In the query above, we fetch a single `lfp_mean` attribute from the `LFP` table.
We also restrict the query to insertion number 1.

Let's go ahead and plot the LFP mean.

In [None]:
plt.plot(lfp_average)
plt.title("Average LFP Waveform for Insertion 1")
plt.xlabel("Samples")
plt.ylabel("microvolts (uV)");

DataJoint queries are a highly flexible tool to manipulate and visualize your data.
After all, visualizing traces or generating rasters is likely just the start of
your analysis workflow. This can also make the queries seem more complex at
first. However, we'll walk through them slowly to simplify their content in this notebook. 

The examples below perform several operations using DataJoint queries:
- Fetch the primary key attributes of all units that are in `insertion_number=1`.
- Use **multiple restrictions** to fetch timestamps and create a raster plot.
- Use a **join** operation and **multiple restrictions** to fetch a waveform
  trace, along with unit data to create a single waveform plot

In [None]:
insert_key = (ephys.ProbeInsertion & "insertion_number = '1'").fetch1("KEY")
units, unit_spiketimes = (
    ephys.CuratedClustering.Unit
    & insert_key
    & 'unit IN ("6","7","9","14","15","17","19")'
).fetch("unit", "spike_times")

In [None]:
x = np.hstack(unit_spiketimes)
y = np.hstack([np.full_like(s, u) for u, s in zip(units, unit_spiketimes)])
plt.plot(x, y, "|")
plt.xlabel("Time (s)")
plt.ylabel("Unit");

In [None]:
unit_key = (ephys.CuratedClustering.Unit & insert_key & "unit = '15'").fetch1("KEY")
unit_data = (
    ephys.CuratedClustering.Unit * ephys.WaveformSet.PeakWaveform & unit_key
).fetch1()

In [None]:
unit_data

In [None]:
sampling_rate = (ephys.EphysRecording & insert_key).fetch1(
    "sampling_rate"
) / 1000  # in kHz
plt.plot(
    np.r_[: unit_data["peak_electrode_waveform"].size] * 1 / sampling_rate,
    unit_data["peak_electrode_waveform"],
)
plt.xlabel("Time (ms)")
plt.ylabel(r"Voltage ($\mu$V)");

## Summary

Following this tutorial, we've efficiently: 
- covered the essential functionality of `element-array-ephys`
- acquired the skills to register the electrophysiology recordings for each probe in each experimental session
- insert data into tables
- execute the spike sort with Kilosort
- visualize the results 

#### Documentation and DataJoint tutorials

For detailed documentation on `element-array-ephys`:

[`DataJoint Element for Extracellular Electrophysiology  - Documentation`](https://datajoint.com/docs/elements/element-array-ephys/)

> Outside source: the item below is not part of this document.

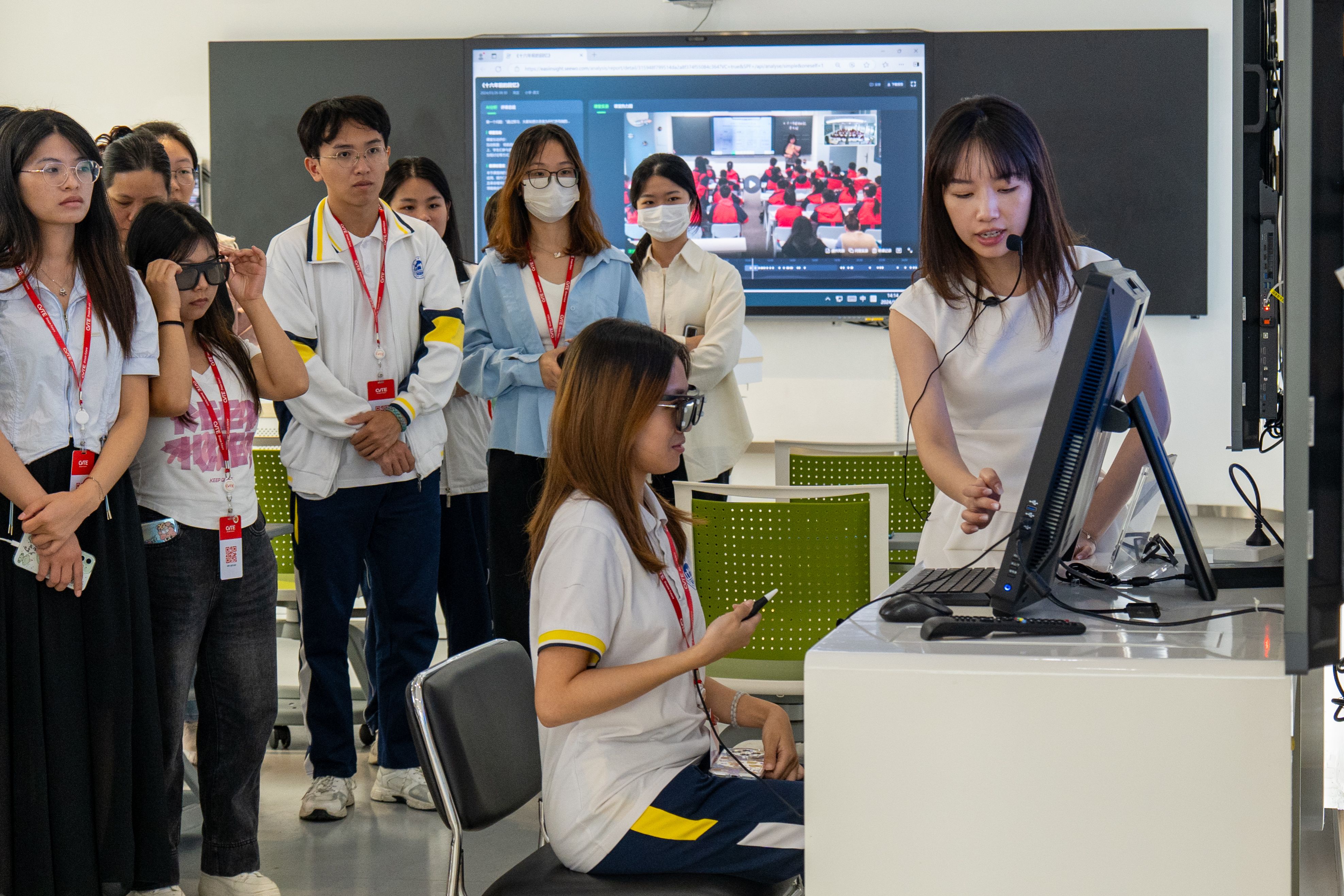 师生一行人前往广东工业大学参观了图书馆的学习环境、视听空间和信息共享空间。在希沃公司,师生与产品研发人员就软件的应用场景、AI师范生技能大赛实训、希沃课堂智能反馈系统解决方案展开研讨,并现场进行模拟授课。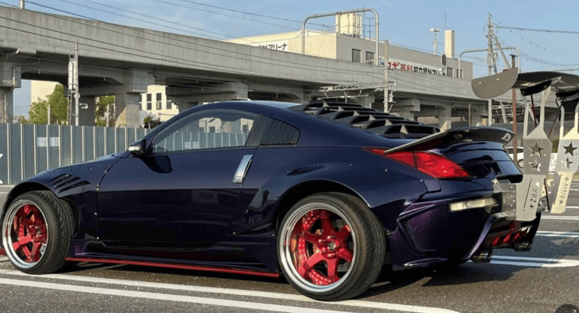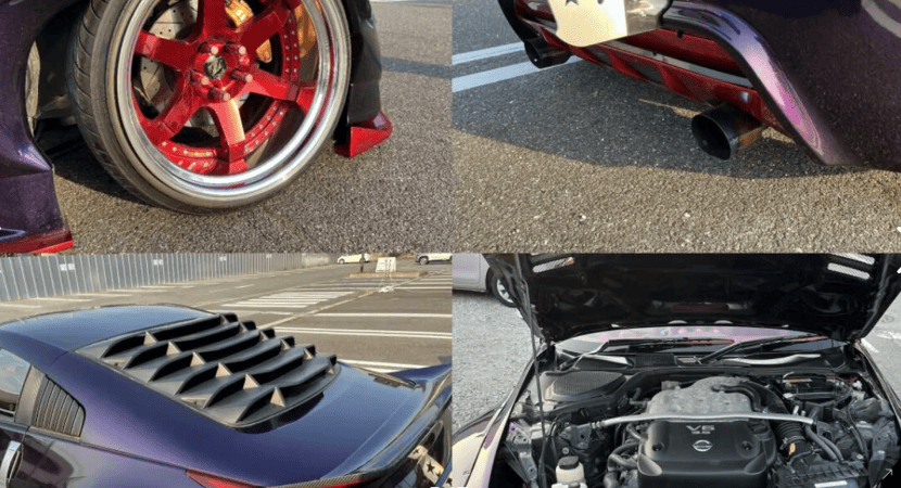 Цей незвичайний Nissan 350Z зараз продають на Yahoo! Auctions у Японії. У нього є свої переваги. Наприклад, яскравий металік-фіолетовий колір кузова виглядає дуже ефектно. Також має непоганий вигляд розширені колісні арки. Але, як це часто буває у світі тюнінгу, коли хтось починає переробляти машину, зупинитися вже важко.

For detailed documentation and tutorials on general DataJoint principles that support collaboration, automation, reproducibility, and visualizations:

[`DataJoint for Python - Interactive Tutorials`](https://github.com/datajoint/datajoint-tutorials) covers fundamentals, including table tiers, query operations, fetch operations, automated computations with the make function, and more.

[`DataJoint for Python - Documentation`](https://datajoint.com/docs/core/datajoint-python/0.14/)

#### Run this tutorial on your own data

Throughout this notebook, we've used DataJoint to work with database tables and keep
data organized and automate analyses to increase efficiency of data processing. We've
inserted data into tables, used queries to retrieve, manipulate, and visualize ephys data.

Remember, this is just the beginning. As you grow familiar with DataJoint, you'll
uncover even more ways to harness its capabilities for your specific research needs. 


To run this tutorial notebook on your own data, please use the following steps:
- Download the mysql-docker image for DataJoint and run the container according to the
  instructions provide in the repository.
- Create a fork of this repository to your GitHub account.
- Clone the repository and open the files using your IDE.
- Add a code cell immediately after the first code cell in the notebook - we will setup
  the local connection using this cell. In this cell, type in the following code. 

```python
import datajoint as dj
dj.config["database.host"] = "localhost"
dj.config["database.user"] = "<your-username>"
dj.config["database.password"] = "<your-password>"
dj.config["custom"] = {"imaging_root_data_dir": "path/to/your/data/dir",
"database_prefix": "<your-username_>"}
dj.config.save_local()
dj.conn()
```

- Run this code block above and proceed with the rest of the notebook.